▶ The task
Repeat exactly the line with "私が子どもの寝かしつけをして" and each line after it to the end of the data below; pictures stay out.

▶ Data section
********
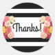 Sticker Rond Roses sur le Merci moderne de bandes noir et blanc
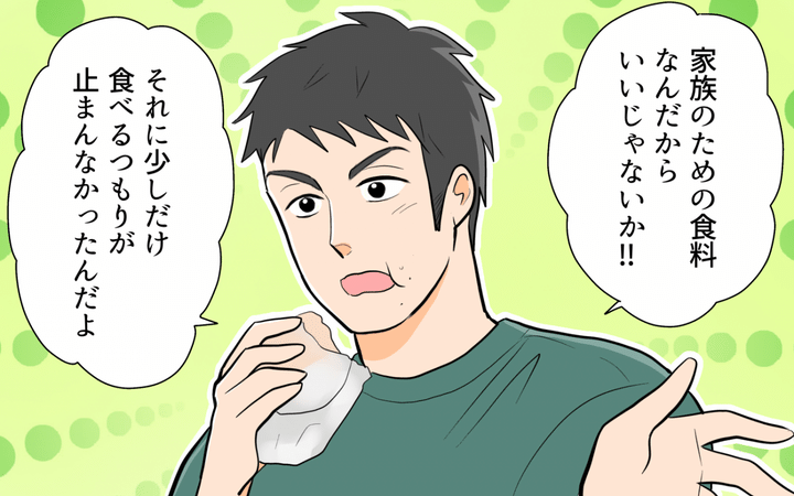 私が子どもの寝かしつけをしている間に、数日分の食料を食べ散らかし、「家族のための食料なんだから」「自分の家でくらい好きなだけ食べたい」と夫は言います。
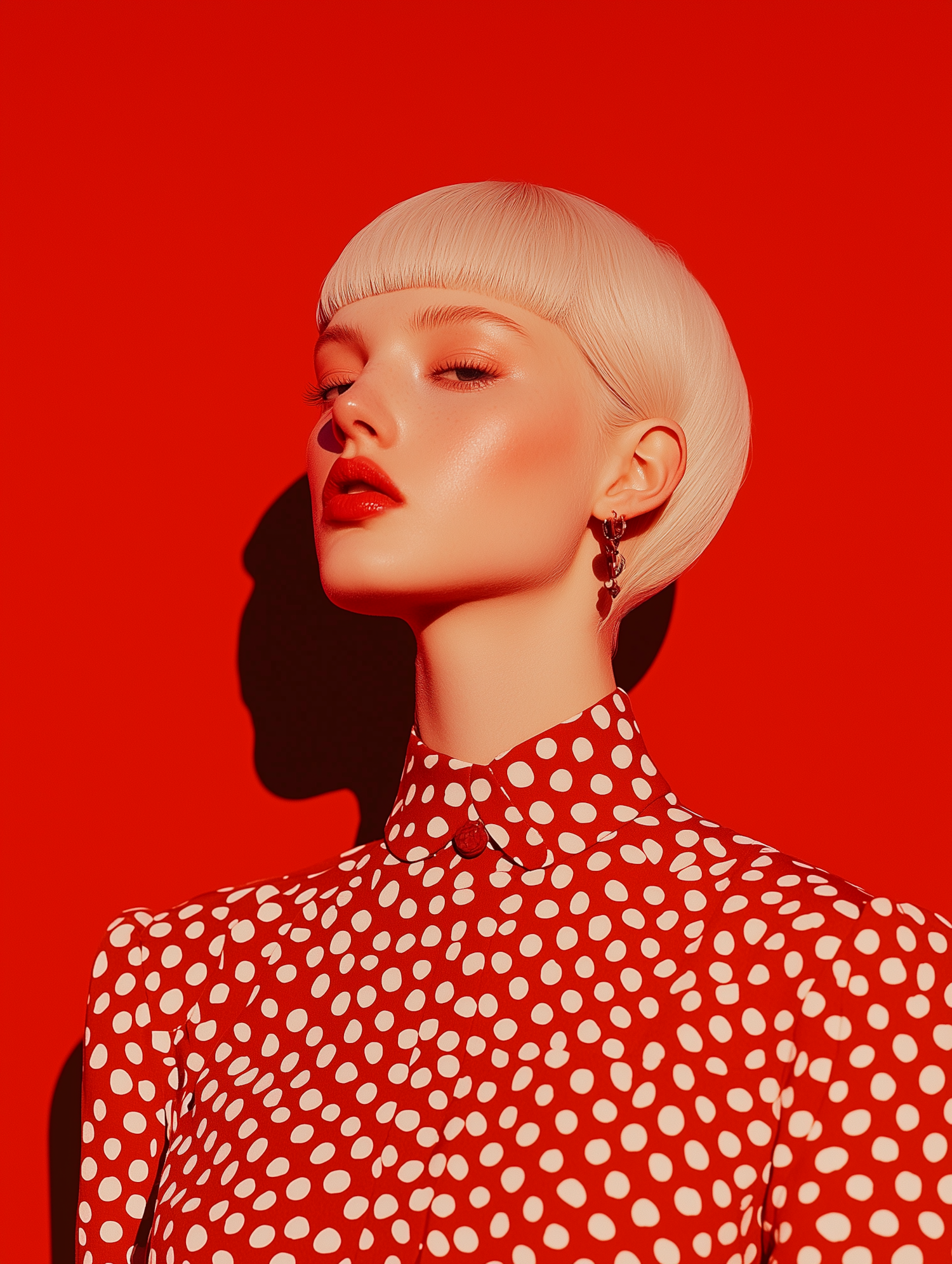 Caucasian woman with platinum blonde bob, red polka dot blouse, and bold red lipstick against a vibrant red background.
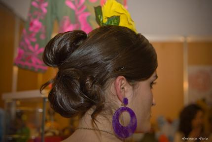 y ahora mi opinion....si en el desfile se impera ver el vestido de flamenco ,lo mejor pelo rayado y flor o peineta.
********
▶ Exercise output
 私が子どもの寝かしつけをしている間に、数日分の食料を食べ散らかし、「家族のための食料なんだから」「自分の家でくらい好きなだけ食べたい」と夫は言います。
 Caucasian woman with platinum blonde bob, red polka dot blouse, and bold red lipstick against a vibrant red background.
 y ahora mi opinion....si en el desfile se impera ver el vestido de flamenco ,lo mejor pelo rayado y flor o peineta.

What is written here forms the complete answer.